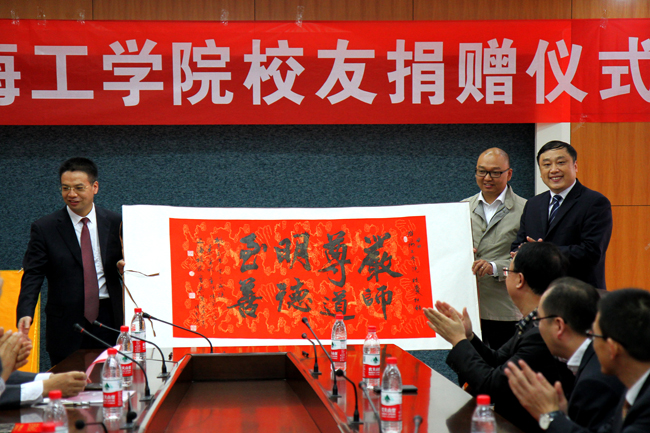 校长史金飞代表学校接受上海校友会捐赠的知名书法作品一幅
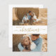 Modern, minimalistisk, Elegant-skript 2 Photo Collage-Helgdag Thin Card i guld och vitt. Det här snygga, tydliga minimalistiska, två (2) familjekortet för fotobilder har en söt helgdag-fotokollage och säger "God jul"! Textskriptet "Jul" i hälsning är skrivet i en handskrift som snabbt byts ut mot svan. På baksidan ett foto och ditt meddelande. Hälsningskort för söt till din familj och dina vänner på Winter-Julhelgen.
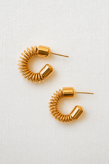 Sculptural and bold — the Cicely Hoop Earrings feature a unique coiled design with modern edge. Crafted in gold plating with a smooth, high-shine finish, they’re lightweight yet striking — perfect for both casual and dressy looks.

Work to be completed
Copy nothing but the lines from the top of the data down to the line containing "Modern, minimalistisk, Elegant-skript", and leave the pictures out.

Answer to the problem
 校长史金飞代表学校接受上海校友会捐赠的知名书法作品一幅
 Modern, minimalistisk, Elegant-skript 2 Photo Collage-Helgdag Thin Card i guld och vitt. Det här snygga, tydliga minimalistiska, två (2) familjekortet för fotobilder har en söt helgdag-fotokollage och säger "God jul"! Textskriptet "Jul" i hälsning är skrivet i en handskrift som snabbt byts ut mot svan. På baksidan ett foto och ditt meddelande. Hälsningskort för söt till din familj och dina vänner på Winter-Julhelgen.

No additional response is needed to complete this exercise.